- Born: 20 April 1962 (age 64) Lagos State, Nigeria
- Education: University of Ilorin
- Occupations: Politician and entrepreneur
- Website: www.adedapoadelegan.com

= Prince Adedapo Benjamin Adelegan =

Nigerian politician and entrepreneur

Adedapo Benjamin Adelegan (born 20 April 1962) is a Nigerian politician and entrepreneur who was the 14th president and chairman of the council of the Nigerian-British Chamber of Commerce (NBCC), a fellow and executive member, Institute of Directors, counsel of member, Lagos Chamber of Commerce and Industry, and a Gubernatorial candidate for the Ondo State Election under the African Democratic Congress (ADC).

== Early life ==
He was the convener of the popular Lekki Sunsplash musical concert, Africas biggest musical event in 1988. The event has the likes of Raskimono, Fela Anikulapo Kuti, Daniel Wilson, Majek Fashek, Alex Zitto, Kwam1, and more in Attendance.
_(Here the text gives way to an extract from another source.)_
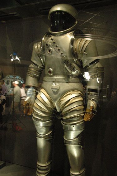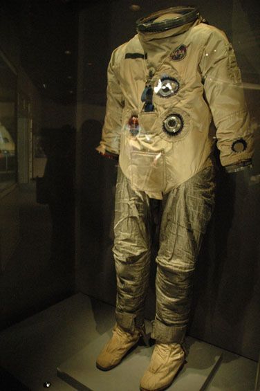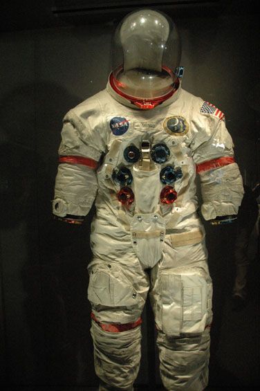 Yesterday Kennedy Space Center opened a new exhibit, the Apollo Treasures Gallery. This exhibit has rarely seen items such as Apollo 14 Commander Alan Shepard’s space suit, a very heavy prototype space suit, along with several other space suits. There is also a collection of shoes, helmets, gloves, a tool kit used in space, instruction manuals.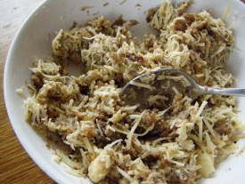 Сыр натерли, смешали с грибной массой.

The popular comedian, Alibaba worked briefly with Adedapo as an executive assistant in 1991.

He organized the first Nigeria Exhibition in South Africa in the year 2004 called "The Best of Nigeria comes to South Africa" which he did with his company PR Africa.

He is from Owo, Ondo State, a kinsman to the current Governor of Ondo State Arakunrin Rotimi Akeredolu.

== Politics ==
Adedapo Adelegan emerged the governorship candidate of the African Democratic Congress in Ondo State for the 10 October 2020, election.

He joined the All Progressive Congress Ondo State chapter briefly when he decided to get on the race. He left the party when the National Working Committee of the party changed the structure of the Primaries election from direct to indirect form of voting, knowing it was an agenda to give the incumbent the ticket.

He came sixth in the 2020 Ondo state gubernatorial election.

== Personal life ==

Adedapo is married to Abimbola Adelegan and they have three children. He is a devout Christian.